Bahwa saat ini saya sudah bertemu jalan Dhamma dan rutin berlatih meditasi. Saya yakin, dan sangat yakin akan hal itu. Meditasi di Jalan Dhamma telah mengubahku!
Kembali ke acara nonton Drakor...
Sesudah menonton dua episode, saya dan anak-anak memutuskan berhenti dulu. Sudah saatnya makan siang. Di meja makan, kami lalu berdiskusi tentang kisah dalam drama korea tersebut.
Saya pun bertanya kepada anak-anak tentang pendapat mereka terhadap beberapa tokoh antagonis yang ada. Saya sampaikan kepada mereka bahwa saya merasa kasihan dengan si tokoh antagonis, karena "kebodohan-kebodohannya" dia menjadi menderita.
Anak anak saya tertawa dan berkata, "Mama... itu kan cuma drama, ceritanya memang harus begitu, biar seru!"
"Hahaha... ya, mama juga tahu itu cuma drama, kalau tidak ada tokoh antagonis seperti itu pasti ceritanya tidak seru ya, dan tidak ada yang mau nonton, juga ceritanya cepat habis! Hahaha..." ujarku sambil tertawa.
Namun pada kesempatan diskusi kami di meja makan tersebut, saya bisa sedikit banyak berdiskusi tentang ajaran Dhamma dengan anak-anak saya. Bahwa dalam dunia nyata ini, penderitaan seperti yang dialami si tokoh antagonis sebetulnya ada banyak di sekitar kita. Bahkan sebetulnya kita sendiri sering seperti si tokoh antagonis.
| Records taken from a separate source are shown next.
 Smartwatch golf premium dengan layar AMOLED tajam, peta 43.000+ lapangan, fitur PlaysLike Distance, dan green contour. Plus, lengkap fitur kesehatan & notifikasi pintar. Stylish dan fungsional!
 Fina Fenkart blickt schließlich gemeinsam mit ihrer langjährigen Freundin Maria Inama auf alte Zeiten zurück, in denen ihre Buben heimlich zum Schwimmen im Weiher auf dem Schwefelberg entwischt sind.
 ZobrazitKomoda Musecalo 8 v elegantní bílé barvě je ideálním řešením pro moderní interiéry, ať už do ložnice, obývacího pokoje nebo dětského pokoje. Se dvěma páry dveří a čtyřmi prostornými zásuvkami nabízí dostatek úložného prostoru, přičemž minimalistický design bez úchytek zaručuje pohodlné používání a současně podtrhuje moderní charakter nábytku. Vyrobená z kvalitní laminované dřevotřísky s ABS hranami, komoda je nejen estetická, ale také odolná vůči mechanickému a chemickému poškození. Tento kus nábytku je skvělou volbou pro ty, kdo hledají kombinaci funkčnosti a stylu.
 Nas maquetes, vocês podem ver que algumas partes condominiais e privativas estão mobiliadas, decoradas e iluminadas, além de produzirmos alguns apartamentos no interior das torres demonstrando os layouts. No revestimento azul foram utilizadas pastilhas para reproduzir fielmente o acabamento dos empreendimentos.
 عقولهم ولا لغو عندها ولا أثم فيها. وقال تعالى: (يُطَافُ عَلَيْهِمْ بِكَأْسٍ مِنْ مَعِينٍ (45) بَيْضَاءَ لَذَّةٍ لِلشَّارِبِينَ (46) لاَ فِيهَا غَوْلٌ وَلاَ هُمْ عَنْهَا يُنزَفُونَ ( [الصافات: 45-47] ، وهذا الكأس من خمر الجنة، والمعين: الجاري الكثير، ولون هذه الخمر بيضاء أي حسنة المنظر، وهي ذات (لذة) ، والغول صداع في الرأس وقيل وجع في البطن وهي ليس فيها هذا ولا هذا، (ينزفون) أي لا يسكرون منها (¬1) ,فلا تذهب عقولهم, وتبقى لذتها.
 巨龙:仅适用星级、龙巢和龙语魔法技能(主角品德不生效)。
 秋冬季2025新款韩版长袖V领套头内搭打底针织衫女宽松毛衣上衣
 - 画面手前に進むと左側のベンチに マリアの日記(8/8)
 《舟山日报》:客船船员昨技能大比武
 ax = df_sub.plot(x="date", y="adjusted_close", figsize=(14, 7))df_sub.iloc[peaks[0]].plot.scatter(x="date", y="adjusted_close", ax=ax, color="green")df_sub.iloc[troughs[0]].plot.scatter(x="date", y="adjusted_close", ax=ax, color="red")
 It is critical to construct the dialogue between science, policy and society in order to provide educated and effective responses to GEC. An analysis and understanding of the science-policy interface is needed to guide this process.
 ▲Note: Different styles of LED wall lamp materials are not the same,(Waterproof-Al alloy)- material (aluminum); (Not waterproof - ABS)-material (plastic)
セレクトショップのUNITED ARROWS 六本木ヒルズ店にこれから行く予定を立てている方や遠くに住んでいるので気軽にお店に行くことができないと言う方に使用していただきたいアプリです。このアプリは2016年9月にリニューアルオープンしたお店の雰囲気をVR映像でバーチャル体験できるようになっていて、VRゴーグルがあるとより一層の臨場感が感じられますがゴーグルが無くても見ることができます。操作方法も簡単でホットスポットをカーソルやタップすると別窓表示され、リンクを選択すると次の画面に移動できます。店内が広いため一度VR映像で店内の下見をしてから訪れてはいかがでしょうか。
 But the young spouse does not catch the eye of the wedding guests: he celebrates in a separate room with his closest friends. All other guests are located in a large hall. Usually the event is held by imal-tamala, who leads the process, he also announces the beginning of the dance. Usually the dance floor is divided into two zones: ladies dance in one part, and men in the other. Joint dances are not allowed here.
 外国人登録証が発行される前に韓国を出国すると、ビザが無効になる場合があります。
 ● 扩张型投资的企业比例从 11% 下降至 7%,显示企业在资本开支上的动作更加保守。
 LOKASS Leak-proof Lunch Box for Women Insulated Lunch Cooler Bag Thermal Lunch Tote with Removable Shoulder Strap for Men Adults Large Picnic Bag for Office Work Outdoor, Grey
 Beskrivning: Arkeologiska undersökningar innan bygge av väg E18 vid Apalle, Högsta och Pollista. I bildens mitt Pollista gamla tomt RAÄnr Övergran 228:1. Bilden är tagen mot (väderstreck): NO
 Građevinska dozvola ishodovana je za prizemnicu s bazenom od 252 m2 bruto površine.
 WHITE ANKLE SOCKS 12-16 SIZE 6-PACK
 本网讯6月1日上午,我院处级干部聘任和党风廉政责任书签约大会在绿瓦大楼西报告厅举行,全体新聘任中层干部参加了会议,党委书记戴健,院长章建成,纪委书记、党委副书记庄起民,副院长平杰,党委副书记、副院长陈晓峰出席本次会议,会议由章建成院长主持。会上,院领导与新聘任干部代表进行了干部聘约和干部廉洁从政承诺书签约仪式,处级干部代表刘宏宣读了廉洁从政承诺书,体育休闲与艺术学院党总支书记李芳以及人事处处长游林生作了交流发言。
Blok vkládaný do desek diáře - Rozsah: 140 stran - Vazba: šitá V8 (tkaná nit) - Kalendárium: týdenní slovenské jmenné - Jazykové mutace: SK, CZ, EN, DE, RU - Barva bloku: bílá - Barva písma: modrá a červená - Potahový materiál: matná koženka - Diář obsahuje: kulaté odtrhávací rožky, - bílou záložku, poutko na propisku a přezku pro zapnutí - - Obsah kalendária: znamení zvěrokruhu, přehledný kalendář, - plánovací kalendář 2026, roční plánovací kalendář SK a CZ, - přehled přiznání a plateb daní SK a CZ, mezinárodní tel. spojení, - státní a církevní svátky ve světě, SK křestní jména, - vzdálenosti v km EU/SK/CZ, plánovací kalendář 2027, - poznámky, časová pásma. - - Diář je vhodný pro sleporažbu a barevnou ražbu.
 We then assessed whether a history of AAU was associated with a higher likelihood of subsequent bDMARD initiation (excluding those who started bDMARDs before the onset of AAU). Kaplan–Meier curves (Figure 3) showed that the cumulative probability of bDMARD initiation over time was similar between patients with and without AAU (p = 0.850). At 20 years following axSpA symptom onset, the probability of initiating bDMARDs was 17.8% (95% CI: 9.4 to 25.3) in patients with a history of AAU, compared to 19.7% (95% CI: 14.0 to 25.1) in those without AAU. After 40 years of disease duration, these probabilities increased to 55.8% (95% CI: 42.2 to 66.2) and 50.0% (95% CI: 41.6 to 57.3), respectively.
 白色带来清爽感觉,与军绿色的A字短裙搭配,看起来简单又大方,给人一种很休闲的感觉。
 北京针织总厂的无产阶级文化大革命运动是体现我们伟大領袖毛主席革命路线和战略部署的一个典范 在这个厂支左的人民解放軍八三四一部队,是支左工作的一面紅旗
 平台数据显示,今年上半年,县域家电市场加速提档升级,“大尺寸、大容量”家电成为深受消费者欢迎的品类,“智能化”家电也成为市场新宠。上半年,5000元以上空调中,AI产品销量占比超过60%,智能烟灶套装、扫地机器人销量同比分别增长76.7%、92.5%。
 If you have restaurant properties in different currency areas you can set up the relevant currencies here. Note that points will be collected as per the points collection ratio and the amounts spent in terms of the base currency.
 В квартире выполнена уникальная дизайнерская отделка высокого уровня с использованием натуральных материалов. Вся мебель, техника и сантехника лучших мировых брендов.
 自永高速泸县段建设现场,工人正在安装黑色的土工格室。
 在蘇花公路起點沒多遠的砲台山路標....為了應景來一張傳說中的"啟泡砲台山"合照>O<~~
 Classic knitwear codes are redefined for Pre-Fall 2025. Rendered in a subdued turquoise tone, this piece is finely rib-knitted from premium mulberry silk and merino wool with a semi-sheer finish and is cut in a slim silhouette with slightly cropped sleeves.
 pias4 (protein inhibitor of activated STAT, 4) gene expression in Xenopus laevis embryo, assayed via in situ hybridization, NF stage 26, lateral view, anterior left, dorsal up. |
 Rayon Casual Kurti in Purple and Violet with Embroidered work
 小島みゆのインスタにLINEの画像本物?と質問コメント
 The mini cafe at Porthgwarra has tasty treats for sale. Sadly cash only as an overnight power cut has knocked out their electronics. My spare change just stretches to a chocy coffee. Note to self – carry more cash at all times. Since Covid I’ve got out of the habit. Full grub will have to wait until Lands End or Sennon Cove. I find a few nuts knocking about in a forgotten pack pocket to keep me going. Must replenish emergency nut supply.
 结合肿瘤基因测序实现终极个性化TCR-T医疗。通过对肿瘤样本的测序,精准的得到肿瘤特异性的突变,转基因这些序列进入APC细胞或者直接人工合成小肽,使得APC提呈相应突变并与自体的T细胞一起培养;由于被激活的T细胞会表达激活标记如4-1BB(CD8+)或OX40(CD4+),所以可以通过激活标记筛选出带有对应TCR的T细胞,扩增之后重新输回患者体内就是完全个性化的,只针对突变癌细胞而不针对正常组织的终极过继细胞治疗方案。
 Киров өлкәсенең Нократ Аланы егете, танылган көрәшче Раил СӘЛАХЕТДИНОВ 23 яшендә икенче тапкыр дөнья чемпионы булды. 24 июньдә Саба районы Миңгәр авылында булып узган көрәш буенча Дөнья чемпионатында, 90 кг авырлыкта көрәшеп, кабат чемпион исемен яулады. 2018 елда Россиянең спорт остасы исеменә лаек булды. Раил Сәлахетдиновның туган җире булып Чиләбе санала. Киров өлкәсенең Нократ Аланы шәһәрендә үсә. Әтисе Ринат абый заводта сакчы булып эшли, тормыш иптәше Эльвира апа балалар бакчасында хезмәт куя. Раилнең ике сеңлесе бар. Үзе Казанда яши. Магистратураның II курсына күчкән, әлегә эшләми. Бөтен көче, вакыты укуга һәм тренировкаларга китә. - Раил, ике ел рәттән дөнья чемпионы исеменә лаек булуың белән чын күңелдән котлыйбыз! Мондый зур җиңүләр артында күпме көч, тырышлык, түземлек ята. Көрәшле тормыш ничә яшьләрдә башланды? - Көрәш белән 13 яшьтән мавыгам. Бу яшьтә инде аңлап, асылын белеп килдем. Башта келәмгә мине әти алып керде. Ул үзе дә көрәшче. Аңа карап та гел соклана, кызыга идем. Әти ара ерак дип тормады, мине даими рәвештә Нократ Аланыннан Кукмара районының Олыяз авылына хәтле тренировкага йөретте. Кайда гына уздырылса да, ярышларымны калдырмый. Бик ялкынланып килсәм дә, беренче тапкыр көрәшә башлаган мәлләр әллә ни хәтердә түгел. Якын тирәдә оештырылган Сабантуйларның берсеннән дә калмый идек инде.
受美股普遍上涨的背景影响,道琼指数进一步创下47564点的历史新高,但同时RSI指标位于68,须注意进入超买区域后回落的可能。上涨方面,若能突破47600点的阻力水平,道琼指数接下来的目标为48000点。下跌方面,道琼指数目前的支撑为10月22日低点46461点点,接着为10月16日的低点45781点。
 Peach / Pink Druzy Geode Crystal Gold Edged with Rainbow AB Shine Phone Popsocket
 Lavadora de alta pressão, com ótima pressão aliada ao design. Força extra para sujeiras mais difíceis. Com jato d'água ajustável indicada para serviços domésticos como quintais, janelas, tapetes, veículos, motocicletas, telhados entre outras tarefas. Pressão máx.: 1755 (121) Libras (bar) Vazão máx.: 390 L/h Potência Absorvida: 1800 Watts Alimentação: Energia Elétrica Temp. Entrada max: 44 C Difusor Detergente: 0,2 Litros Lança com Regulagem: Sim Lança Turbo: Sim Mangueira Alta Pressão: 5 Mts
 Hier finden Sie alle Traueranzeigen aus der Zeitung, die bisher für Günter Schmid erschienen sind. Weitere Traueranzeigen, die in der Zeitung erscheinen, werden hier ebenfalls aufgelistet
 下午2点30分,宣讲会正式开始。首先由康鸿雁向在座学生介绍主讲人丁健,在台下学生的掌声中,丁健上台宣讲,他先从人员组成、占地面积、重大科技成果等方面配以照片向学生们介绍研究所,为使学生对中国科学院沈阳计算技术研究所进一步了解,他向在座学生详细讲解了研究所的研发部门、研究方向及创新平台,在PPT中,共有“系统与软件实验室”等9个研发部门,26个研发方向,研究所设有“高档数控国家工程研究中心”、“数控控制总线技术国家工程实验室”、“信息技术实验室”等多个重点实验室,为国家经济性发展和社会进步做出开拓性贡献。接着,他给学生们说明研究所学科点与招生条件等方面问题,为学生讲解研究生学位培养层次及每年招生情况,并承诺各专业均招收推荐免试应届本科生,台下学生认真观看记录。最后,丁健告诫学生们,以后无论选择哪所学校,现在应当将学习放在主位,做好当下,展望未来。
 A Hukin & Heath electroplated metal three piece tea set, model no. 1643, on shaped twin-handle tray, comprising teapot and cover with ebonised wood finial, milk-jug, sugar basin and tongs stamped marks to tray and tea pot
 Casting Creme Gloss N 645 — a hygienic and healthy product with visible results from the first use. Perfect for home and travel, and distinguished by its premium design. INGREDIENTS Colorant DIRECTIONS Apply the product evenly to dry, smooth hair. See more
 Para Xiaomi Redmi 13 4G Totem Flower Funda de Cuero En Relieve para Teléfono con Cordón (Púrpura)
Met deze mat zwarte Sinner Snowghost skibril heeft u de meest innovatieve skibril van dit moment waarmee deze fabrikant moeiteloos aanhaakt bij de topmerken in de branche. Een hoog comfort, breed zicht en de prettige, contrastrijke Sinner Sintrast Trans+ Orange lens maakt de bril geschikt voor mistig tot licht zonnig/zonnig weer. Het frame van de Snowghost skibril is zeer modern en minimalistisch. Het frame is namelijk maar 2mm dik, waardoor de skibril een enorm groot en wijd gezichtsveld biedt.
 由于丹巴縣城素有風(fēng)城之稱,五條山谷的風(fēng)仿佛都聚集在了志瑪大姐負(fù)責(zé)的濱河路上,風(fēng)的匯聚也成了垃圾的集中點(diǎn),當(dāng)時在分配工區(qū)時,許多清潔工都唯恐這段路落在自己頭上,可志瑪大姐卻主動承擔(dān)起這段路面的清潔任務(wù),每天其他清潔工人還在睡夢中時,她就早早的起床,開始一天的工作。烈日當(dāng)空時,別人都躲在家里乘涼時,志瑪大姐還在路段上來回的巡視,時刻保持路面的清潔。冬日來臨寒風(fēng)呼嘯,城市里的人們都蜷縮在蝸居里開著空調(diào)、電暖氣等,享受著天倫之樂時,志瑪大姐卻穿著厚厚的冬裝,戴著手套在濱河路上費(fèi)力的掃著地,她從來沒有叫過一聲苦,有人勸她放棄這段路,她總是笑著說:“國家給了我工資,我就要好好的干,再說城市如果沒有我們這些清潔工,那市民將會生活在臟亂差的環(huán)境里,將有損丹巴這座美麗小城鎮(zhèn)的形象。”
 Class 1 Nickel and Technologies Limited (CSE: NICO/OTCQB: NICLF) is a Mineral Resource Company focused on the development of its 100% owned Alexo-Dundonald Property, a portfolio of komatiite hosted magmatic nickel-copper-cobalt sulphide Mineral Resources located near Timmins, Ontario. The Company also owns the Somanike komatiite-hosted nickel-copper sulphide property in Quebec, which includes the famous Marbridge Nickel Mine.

Menderita karena "kebodohan" kita sendiri dengan terus menggenggam kemarahan, terus hidup dalam dendam masa lalu, tidak mau melepas. Terus bergumul dalam kebodohan, dendam, dan sakit hati sehingga berpikir baru bisa lega dan bahagia kalau sudah membalas.
Satu kalimat dendam yang sering diucapkan dalam drama Korea tersebut adalah,"Dia harus merasakan apa yang aku rasakan!" ...
Aduh! Mengerikan sekali ya!
Saya memberikan pemahaman kepada anak-anak saya bahwa dendam dan niat membalas seperti itulah sumber api penderitaan kita. Penderitaan kita disebabkan oleh pilihan kita sendiri.